= Task to complete =
Pictures stay out of the copy. Retype exactly the lines below from the one with "A fresh pop" through the one with "10W fast wireless".

= Provided entries =
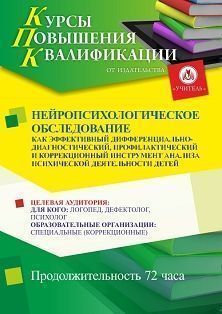Нейропсихологическое обследование как эффективный дифференциально-диагностический, профилактический и коррекционный инструмент анализа психической деятельности у детей (72 ч.)
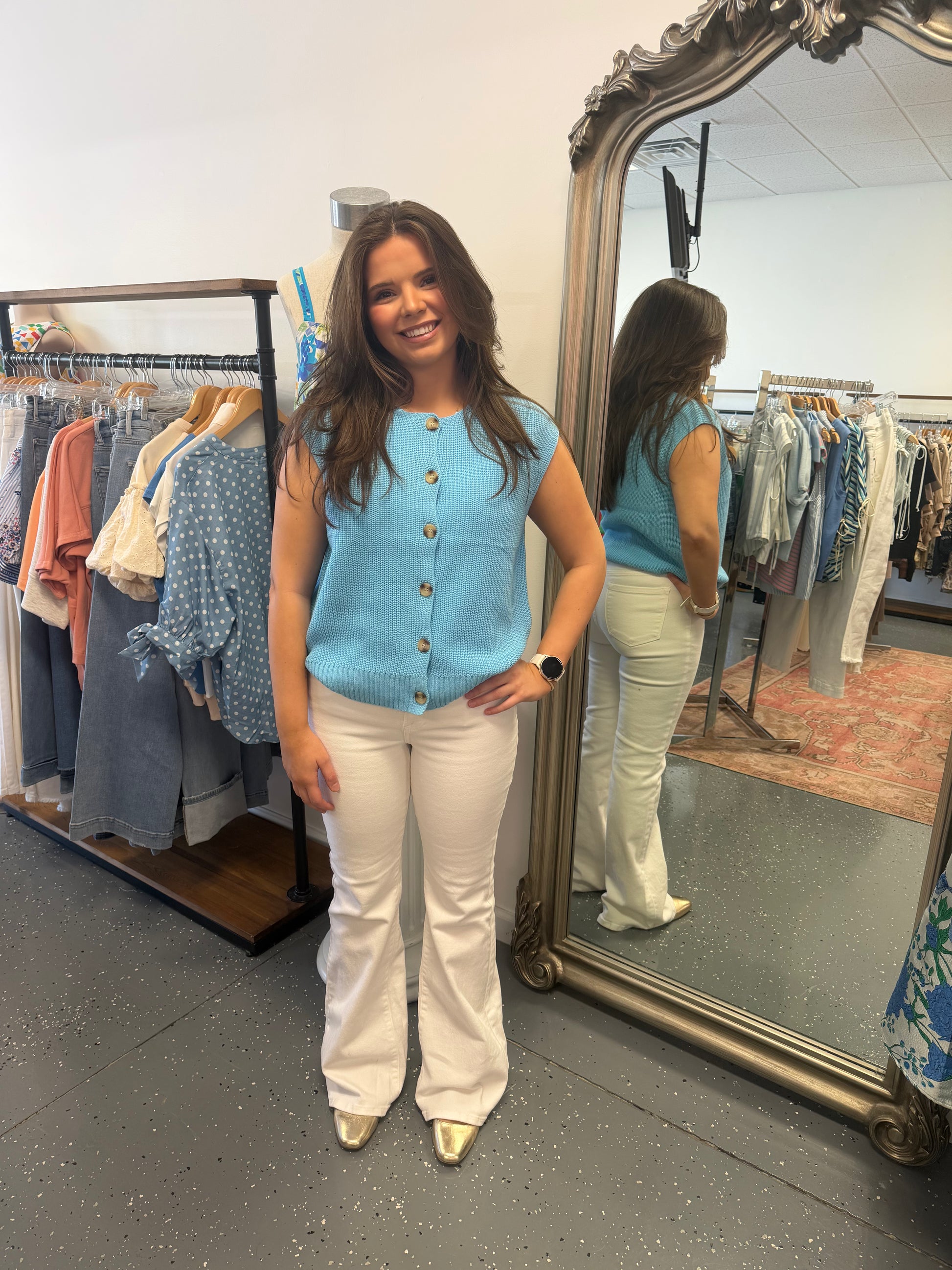 A fresh pop of color your closet needs. This sleeveless blue knit top features a soft, lightweight feel with a flattering cropped fit and delicate button-front detail. The ribbed trim adds just the right touch of structure while keeping it comfy and easy to wear. Style it with denim shorts for an effortless everyday look, or pair with white denim for a crisp, spring-ready outfit. Versatile enough to layer or wear solo, this piece transitions seamlessly from casual to polished.
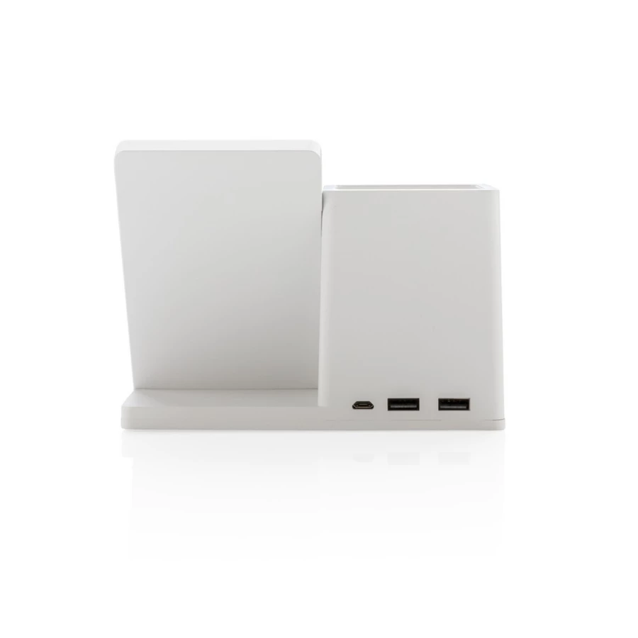 10W fast wireless charger with pen holder made with RCS (Recycled Claim Standard) certified recycled ABS. Total recycled content: 78% based on total item weight. RCS certification ensures a completely certified supply chain of the recycled materials. Bamboo wireless charging area made from FSC 100 bamboo. With two USB ports on the back to charge via cable. Wireless charging compatible with Android latest generations, iPhone 8 and up. Item and accessories PVC free. Including 120 cm type C charging cable made from RCS certified recycled TPE. Packed in FSC mix kraft box. Type-C Input 5V/2A; 9V/2A; Wireless output 5V/1A;9V/1.1A; (10W) Registered design®
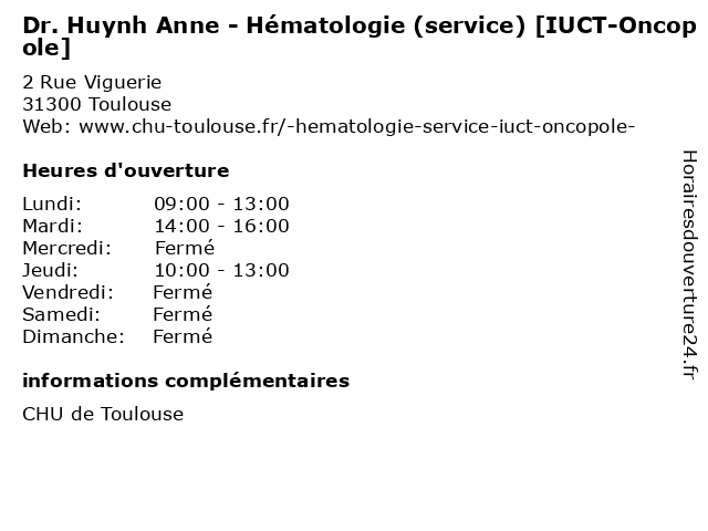 1 Dr. Huguet Françoise - Hématologie (service) [IUCT-Oncopole] (Distance: 0,00 km) 2 Rue Viguerie, 31300 Toulouse [iuct, docteur, dr., françoise, huguet, hématologie, medecins, oncopole], sante, service 2 Dr. Roussel Murielle - Hématologie (service) [IUCT-Oncopole] (Distance: 0,00 km) 2 Rue Viguerie, 31300 Toulouse [iuct, docteur, dr., hématologie, medecins, murielle, oncopole], roussel, sante, service 3 Dr. Ysebaert Loïc - Hématologie (service) [IUCT-Oncopole] (Distance: 0,00 km) 2 Rue Viguerie, 31300 Toulouse [iuct, docteur, dr., hématologie, loïc, medecins, oncopole], sante, service, ysebaert 4 Dr. Borel Cécile - Hématologie (service) [IUCT-Oncopole] (Distance: 0,00 km) 2 Rue Viguerie, 31300 Toulouse [iuct, borel, cécile, docteur, dr., hématologie, medecins, oncopole], sante, service 5 Dr. Hebraud Benjamin - Hématologie (service) [IUCT-Oncopole] (Distance: 0,00 km) 2 Rue Viguerie, 31300 Toulouse [iuct, benjamin, docteur, dr., hebraud, hématologie, medecins, oncopole], sante, service 6 Dr. Tavitian Suzanne - Hématologie (service) [IUCT-Oncopole] (Distance: 0,00 km) 2 Rue Viguerie, 31300 Toulouse [iuct, docteur, dr., hématologie, medecins, oncopole], sante, service, suzanne, tavitian |
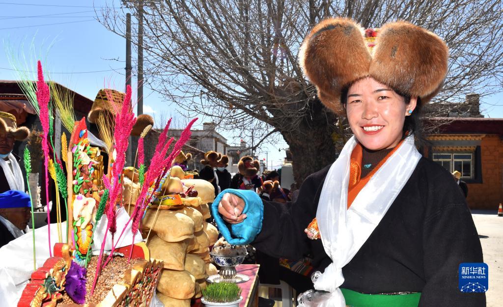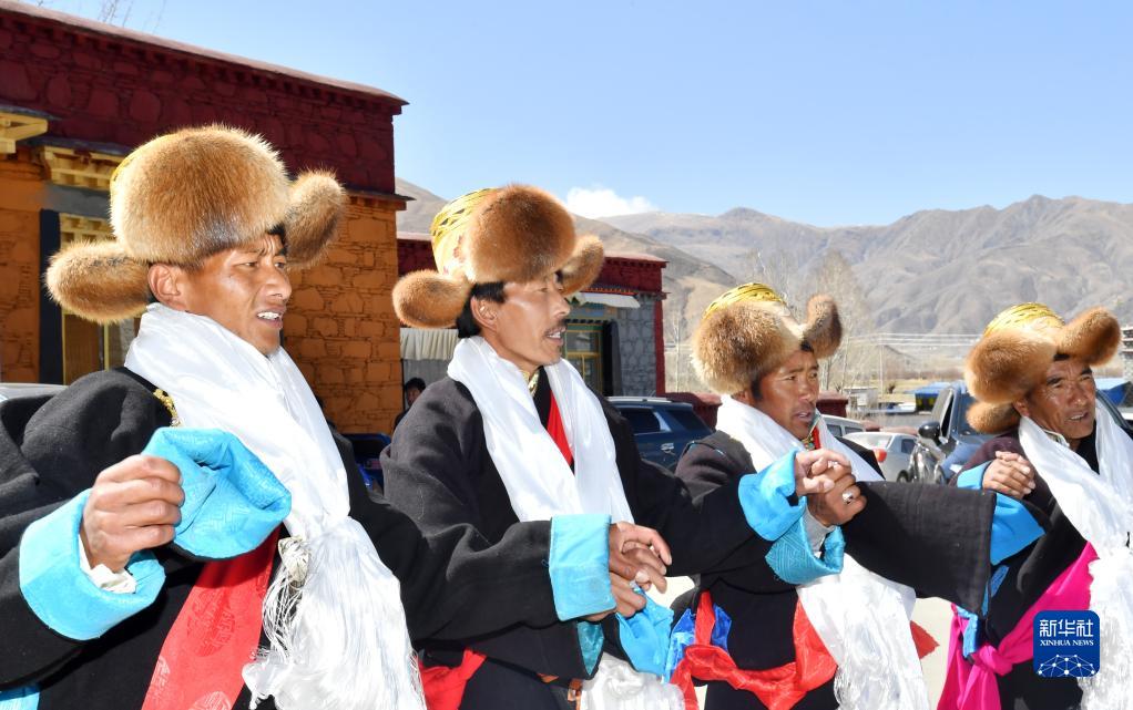 3月3日,西藏山南市貢嘎縣崗堆鎮(zhèn)農(nóng)民穿著嶄新的氆氌藏裝參加藏歷新年活動(dòng)。新華社記者 覺(jué)果 攝
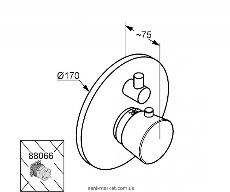 //sant-market.ua/kludi-vstraivaemiy-blok-dn-20-termostata-7937"> Kludi вбудовується блок DN 20 термостата 88066 - вбудована частина змішувача
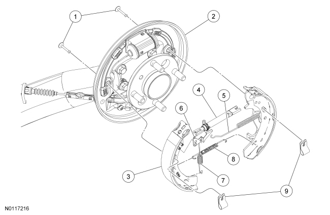 NOTE: If removing the the drum brake backing plate, the wheel hub and bearing must be removed. For additional information, refer to Rear Suspension Service and Repair.

= Result =
 A fresh pop of color your closet needs. This sleeveless blue knit top features a soft, lightweight feel with a flattering cropped fit and delicate button-front detail. The ribbed trim adds just the right touch of structure while keeping it comfy and easy to wear. Style it with denim shorts for an effortless everyday look, or pair with white denim for a crisp, spring-ready outfit. Versatile enough to layer or wear solo, this piece transitions seamlessly from casual to polished.
 10W fast wireless charger with pen holder made with RCS (Recycled Claim Standard) certified recycled ABS. Total recycled content: 78% based on total item weight. RCS certification ensures a completely certified supply chain of the recycled materials. Bamboo wireless charging area made from FSC 100 bamboo. With two USB ports on the back to charge via cable. Wireless charging compatible with Android latest generations, iPhone 8 and up. Item and accessories PVC free. Including 120 cm type C charging cable made from RCS certified recycled TPE. Packed in FSC mix kraft box. Type-C Input 5V/2A; 9V/2A; Wireless output 5V/1A;9V/1.1A; (10W) Registered design®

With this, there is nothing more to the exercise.